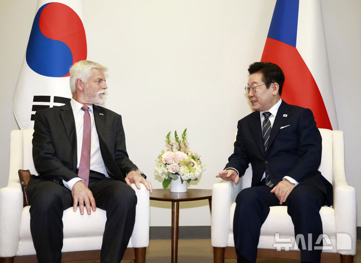 [뉴욕=뉴시스] 최동준 기자 = 이재명 대통령과 페트르 파벨 체코 대통령이 23일(현지 시간) 미국 뉴욕 유엔 본부에서 정상회담을 하고 있다. 2025.09.24. [email protected]
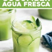 This particular version of agua fresca was inspired by A Spicy Perspective’s cucumber ginger mint agua fresca! Here’s a post with 4 ways to do cucumber agua frescas from Muy Delish. You can learn more about agua fresca here.
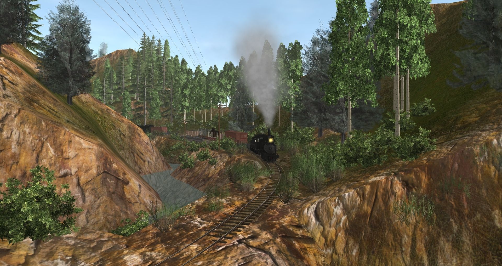 Tags: Trainz: A New Era, Berseria Northern RR, Default, C&S No. 5, C&S No. 5 Tender, 36NG 25' flatcar (NCNG), 30in Pulpwood Car, WP&Y_Hart_Gondola_316, WP&Y_Flatcar_5, 30ng Boxcar 30 foot, C&S Combine 20
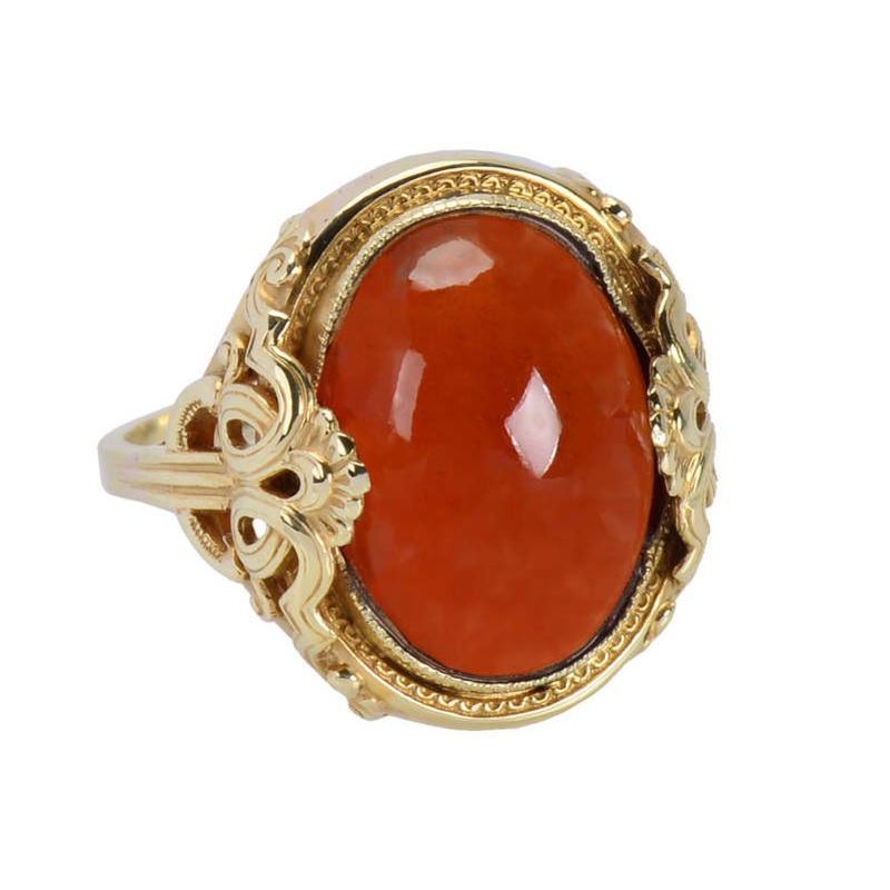 The setting in rich yellow gold rivals that luscious garnet. In 14k yellow gold, two ornate intertwining curvaceous elements with a crown of frills grace each side and shoulders. A finely detailed bezel hugs the natural garnet.
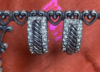 Pierced Silver Tone Twisted Rope & Rhinestone Earrings. $15Burbank, CA
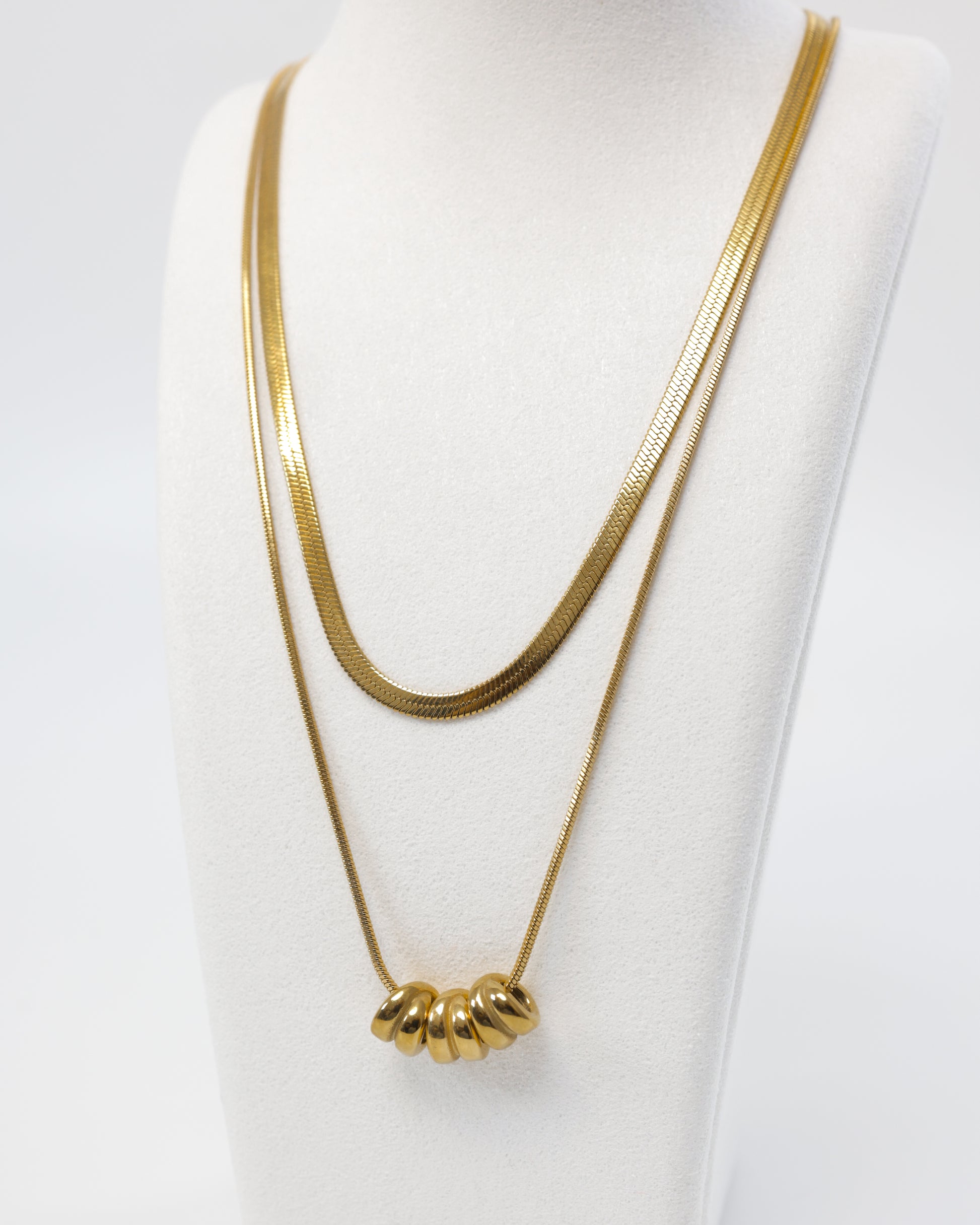 This Two-Tone Stainless Steel Necklace features a chic layered blade chain with a sleek gold and silver finish for a modern, elegant look. Its minimalist bead pendant adds subtle sophistication, perfect for both casual and formal occasions. Crafted from durable, hypoallergenic stainless steel, this trendy piece offers lasting shine and effortless style.
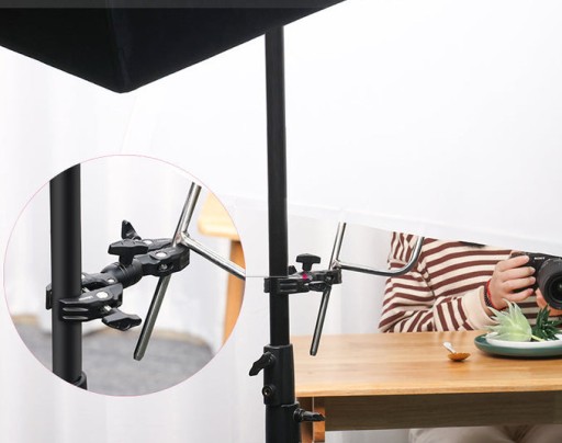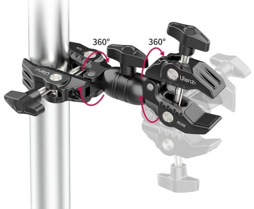 Podwójne imadło umożliwia montaż akcesoriów fotograficznych takich jak parasolki, statywy, selfie sticki, softboxy, lampy LED do wszelkiego rodzaju profili, belek, rurek o średnicy od 12 do 58 mm.
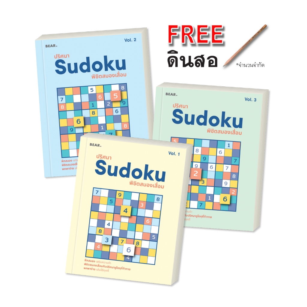ชุดหนังสือ ปริศนา Sudoku พิชิตสมองเสื่อม มี ชุด 3 เล่ม, ชุด 4 เล่ม และ ชุด 5 เล่ม
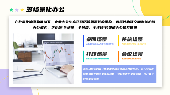 企业办公生态正从物理空间为核心的办公模式,向“全场景、全时段、全连接”的智能办公体系演进。报告指出,桌面场景、差旅场景、会议场景和打印场景成为企业办公的四大核心场景,而不同场景下的办公用品需求和采购痛点各有差异,但也为企业采购策略的优化提供了参考。

● **TASK REQUIREMENTS**: Only the lines from the one with "ชุดหนังสือ ปริศนา Sudoku" through the final line of the data should be written out, exactly and including both ends. Skip the pictures.

● **WRITTEN RESPONSE**:
ชุดหนังสือ ปริศนา Sudoku พิชิตสมองเสื่อม มี ชุด 3 เล่ม, ชุด 4 เล่ม และ ชุด 5 เล่ม
 企业办公生态正从物理空间为核心的办公模式,向“全场景、全时段、全连接”的智能办公体系演进。报告指出,桌面场景、差旅场景、会议场景和打印场景成为企业办公的四大核心场景,而不同场景下的办公用品需求和采购痛点各有差异,但也为企业采购策略的优化提供了参考。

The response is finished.